- **Exercise brief**:
Return the data below exactly, but only from the line containing "La formule de" through the line containing "A worker of", with both of those lines included.
═════ Data listing
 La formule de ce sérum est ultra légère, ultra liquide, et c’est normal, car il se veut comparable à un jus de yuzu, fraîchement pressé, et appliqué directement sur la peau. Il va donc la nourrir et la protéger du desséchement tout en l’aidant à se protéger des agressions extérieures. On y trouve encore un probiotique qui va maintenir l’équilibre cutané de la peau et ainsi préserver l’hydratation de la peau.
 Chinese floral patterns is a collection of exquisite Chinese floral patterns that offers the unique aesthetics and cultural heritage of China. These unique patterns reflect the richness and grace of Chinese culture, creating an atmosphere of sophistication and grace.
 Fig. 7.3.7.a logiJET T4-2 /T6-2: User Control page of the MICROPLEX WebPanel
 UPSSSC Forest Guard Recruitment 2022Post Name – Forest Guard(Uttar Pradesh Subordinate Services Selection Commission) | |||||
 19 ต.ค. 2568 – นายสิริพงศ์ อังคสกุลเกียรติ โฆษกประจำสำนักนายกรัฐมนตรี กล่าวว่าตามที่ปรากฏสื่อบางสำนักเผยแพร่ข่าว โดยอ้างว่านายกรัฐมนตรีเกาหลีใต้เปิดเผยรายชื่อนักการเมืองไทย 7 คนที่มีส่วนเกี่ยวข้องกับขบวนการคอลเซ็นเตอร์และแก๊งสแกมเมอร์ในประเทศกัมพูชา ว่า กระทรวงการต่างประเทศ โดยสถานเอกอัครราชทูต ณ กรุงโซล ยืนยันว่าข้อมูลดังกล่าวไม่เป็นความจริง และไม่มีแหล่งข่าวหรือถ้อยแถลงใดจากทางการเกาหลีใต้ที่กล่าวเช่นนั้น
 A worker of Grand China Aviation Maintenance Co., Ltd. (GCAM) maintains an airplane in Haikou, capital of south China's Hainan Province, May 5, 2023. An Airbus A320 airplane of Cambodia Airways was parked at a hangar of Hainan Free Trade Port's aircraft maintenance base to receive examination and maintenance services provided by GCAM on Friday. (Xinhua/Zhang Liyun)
══════════
═════ Data listing
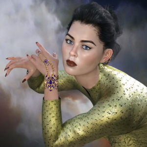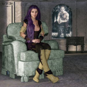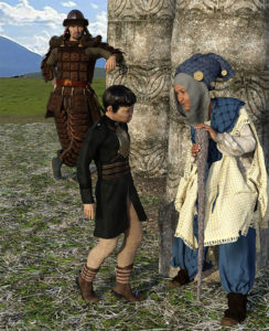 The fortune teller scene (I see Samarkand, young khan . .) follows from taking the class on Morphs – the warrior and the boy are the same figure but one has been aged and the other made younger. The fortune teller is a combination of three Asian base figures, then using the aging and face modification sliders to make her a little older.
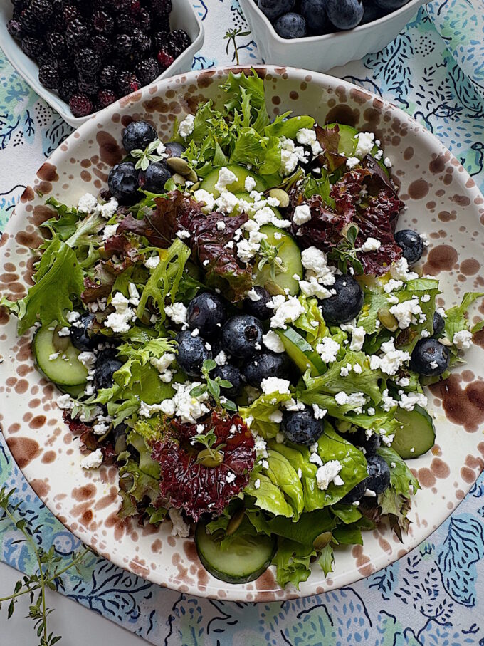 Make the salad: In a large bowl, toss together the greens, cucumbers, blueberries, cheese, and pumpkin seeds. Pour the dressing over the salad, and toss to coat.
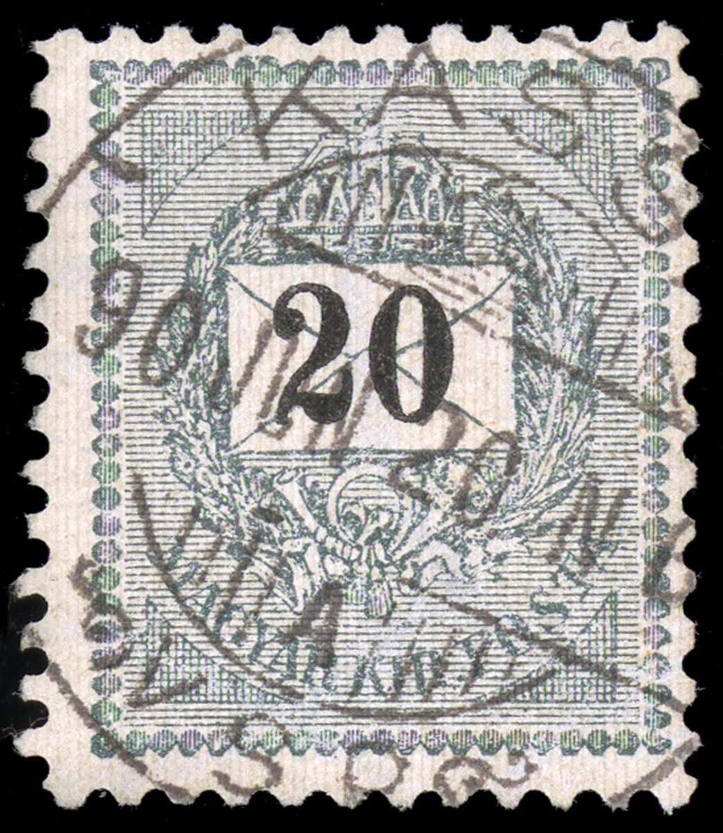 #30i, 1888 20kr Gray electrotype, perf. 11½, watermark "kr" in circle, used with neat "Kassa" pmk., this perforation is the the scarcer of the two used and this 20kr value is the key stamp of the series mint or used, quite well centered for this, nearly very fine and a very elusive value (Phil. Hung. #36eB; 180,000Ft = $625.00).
══════════
- **Written reply**:
 La formule de ce sérum est ultra légère, ultra liquide, et c’est normal, car il se veut comparable à un jus de yuzu, fraîchement pressé, et appliqué directement sur la peau. Il va donc la nourrir et la protéger du desséchement tout en l’aidant à se protéger des agressions extérieures. On y trouve encore un probiotique qui va maintenir l’équilibre cutané de la peau et ainsi préserver l’hydratation de la peau.
 Chinese floral patterns is a collection of exquisite Chinese floral patterns that offers the unique aesthetics and cultural heritage of China. These unique patterns reflect the richness and grace of Chinese culture, creating an atmosphere of sophistication and grace.
 Fig. 7.3.7.a logiJET T4-2 /T6-2: User Control page of the MICROPLEX WebPanel
 UPSSSC Forest Guard Recruitment 2022Post Name – Forest Guard(Uttar Pradesh Subordinate Services Selection Commission) | |||||
 19 ต.ค. 2568 – นายสิริพงศ์ อังคสกุลเกียรติ โฆษกประจำสำนักนายกรัฐมนตรี กล่าวว่าตามที่ปรากฏสื่อบางสำนักเผยแพร่ข่าว โดยอ้างว่านายกรัฐมนตรีเกาหลีใต้เปิดเผยรายชื่อนักการเมืองไทย 7 คนที่มีส่วนเกี่ยวข้องกับขบวนการคอลเซ็นเตอร์และแก๊งสแกมเมอร์ในประเทศกัมพูชา ว่า กระทรวงการต่างประเทศ โดยสถานเอกอัครราชทูต ณ กรุงโซล ยืนยันว่าข้อมูลดังกล่าวไม่เป็นความจริง และไม่มีแหล่งข่าวหรือถ้อยแถลงใดจากทางการเกาหลีใต้ที่กล่าวเช่นนั้น
 A worker of Grand China Aviation Maintenance Co., Ltd. (GCAM) maintains an airplane in Haikou, capital of south China's Hainan Province, May 5, 2023. An Airbus A320 airplane of Cambodia Airways was parked at a hangar of Hainan Free Trade Port's aircraft maintenance base to receive examination and maintenance services provided by GCAM on Friday. (Xinhua/Zhang Liyun)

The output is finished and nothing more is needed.